**TASK DESCRIPTION**
Look below for the line with "这台海狮整车升级了加强型的隔" and the line with "row it is on.". Copy exactly those two lines and every line between, but not the pictures.
[MATERIAL FOR THIS TASK — start]
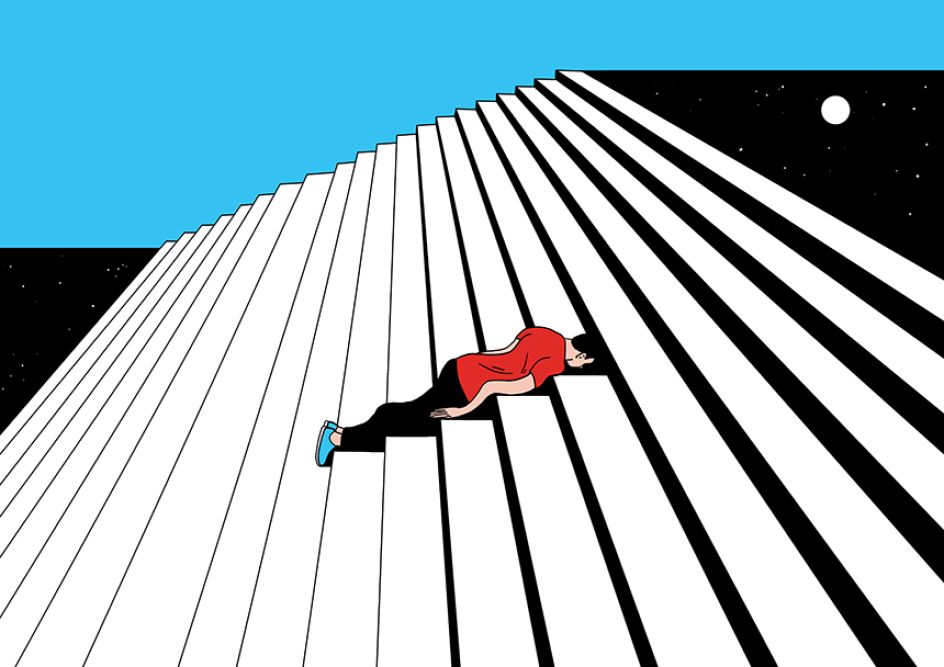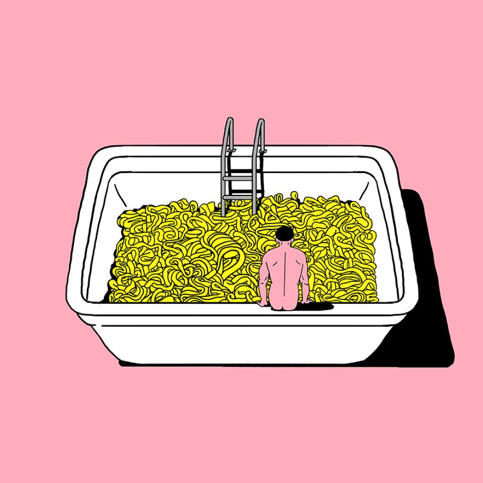 We especially love the naked man sitting on the edge of a food tray, contemplating a dive into what looks like spagetti. Or the gentleman in a red t-shirt, lying on an endless staircase that seems to reach the stars. You can see more of Andrey's mind-bending work at andreykasay.com.
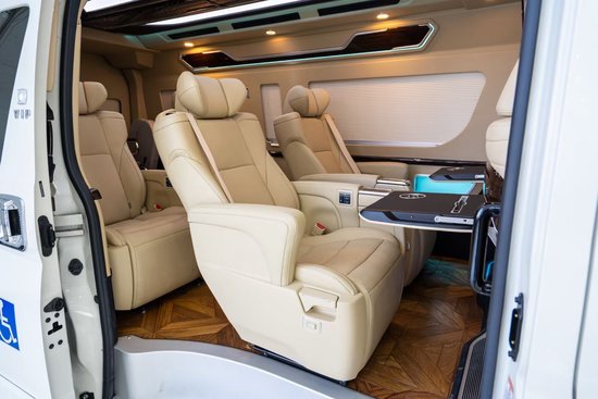 这台海狮整车升级了加强型的隔音隔热处理,车内带空气净化系统,无线充电系统。在进门侧加装了氧化铝脚踏带迎宾灯的,整车都是采用纳帕级皮质进行包覆的,侧壁红木装饰,手动百褶窗帘,后舱暖风系统,最后说说棚顶灯光,这个有智能触摸控制系统。灯光超级棒。
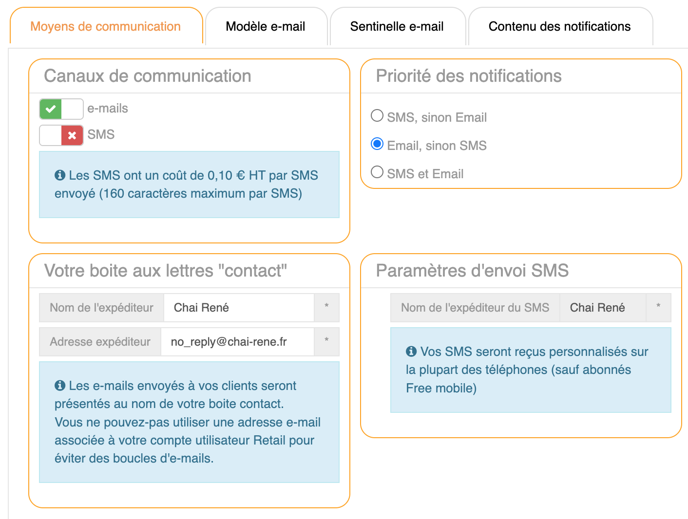 Onglet Moyens de communicationL'onglet « Moyens de communication » permet de paramétrer l'envoi de notifications par mail et SMS.
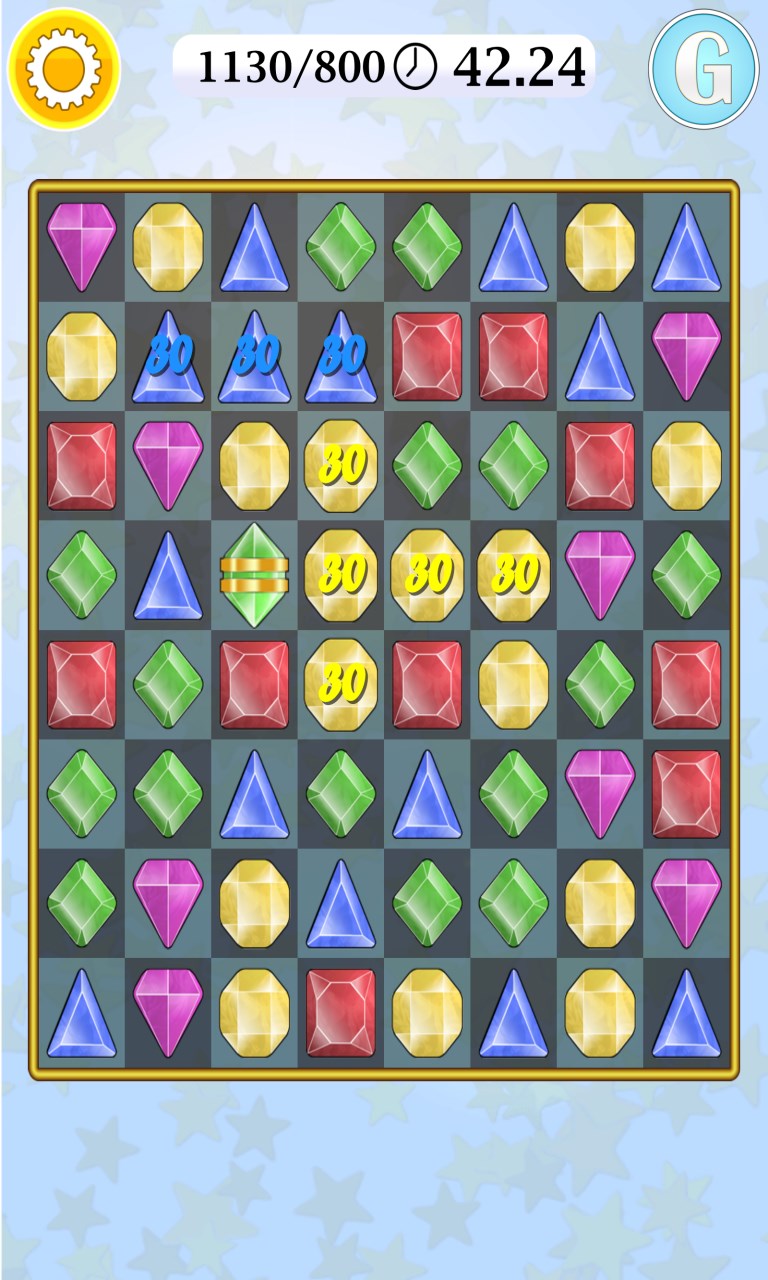 ✓ By matching 4 jewels of the same color in one column, a row buster appears. When matched, clears the entire row it is on.
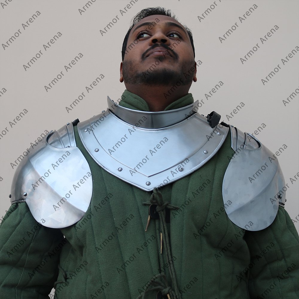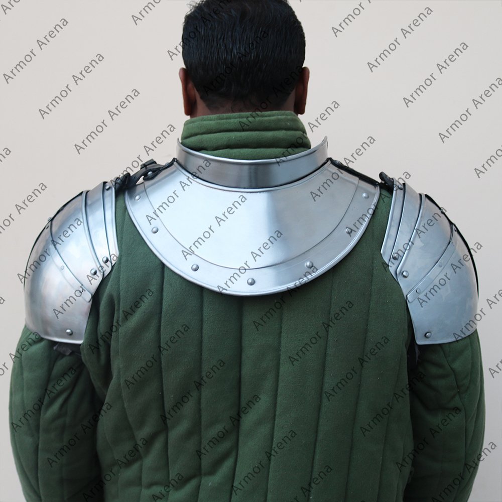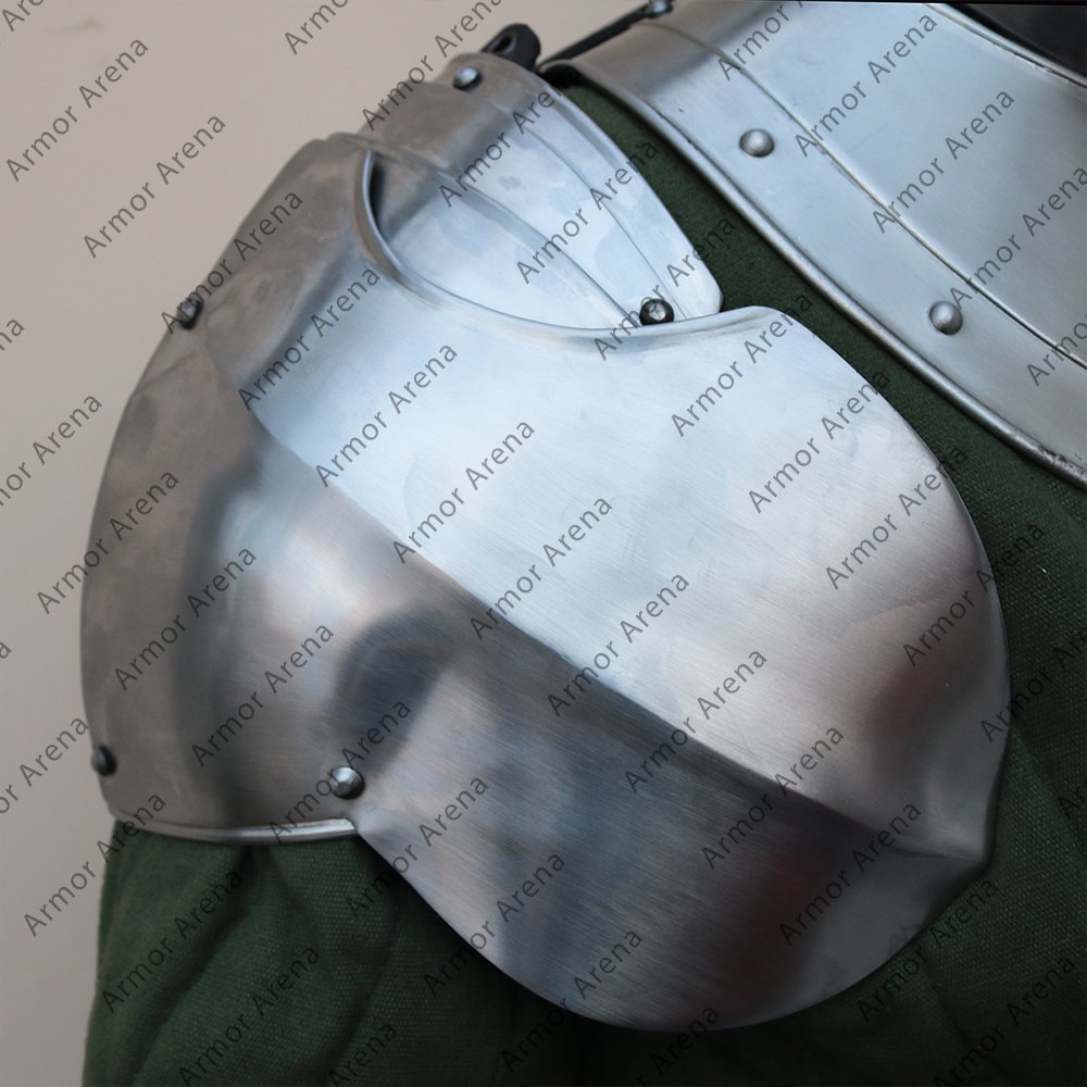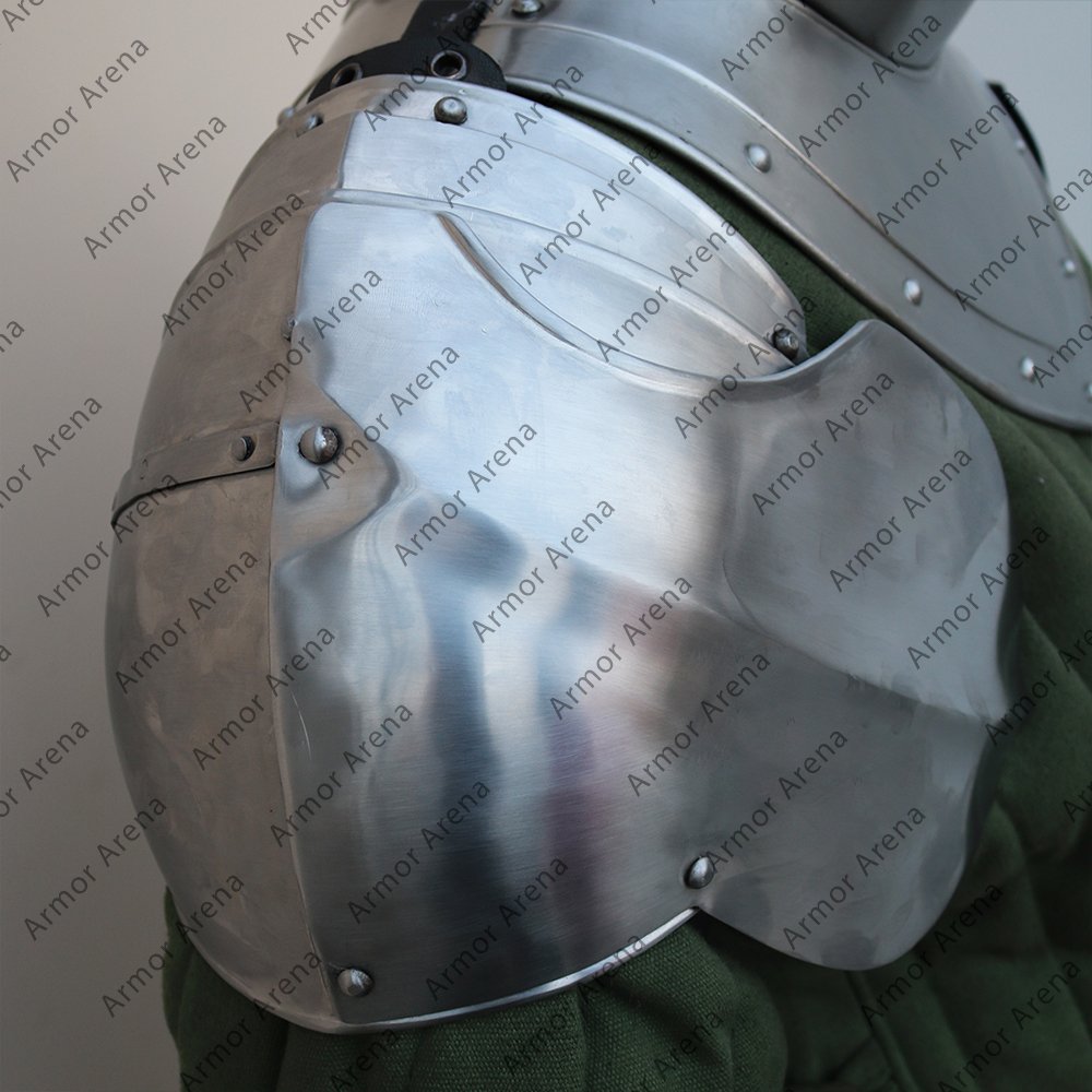 Medieval Milan style shoulder 1450-1485 century provides high stability and maximum protection with mobility. This shoulder protection has an adoptable design which suits many different characters. Combat shoulder is typically designed for noble characters. You can use it with many other parts of armor. All shoulders are made in pairs. All metal products can be made in 20 gauge, 18 gauge, 16 gauge and 14 gauge. Customer can choose Dull finish and Mirror finish.
[MATERIAL FOR THIS TASK — finish]
**ANSWER FOR THE TASK**
 这台海狮整车升级了加强型的隔音隔热处理,车内带空气净化系统,无线充电系统。在进门侧加装了氧化铝脚踏带迎宾灯的,整车都是采用纳帕级皮质进行包覆的,侧壁红木装饰,手动百褶窗帘,后舱暖风系统,最后说说棚顶灯光,这个有智能触摸控制系统。灯光超级棒。
 Onglet Moyens de communicationL'onglet « Moyens de communication » permet de paramétrer l'envoi de notifications par mail et SMS.
 ✓ By matching 4 jewels of the same color in one column, a row buster appears. When matched, clears the entire row it is on.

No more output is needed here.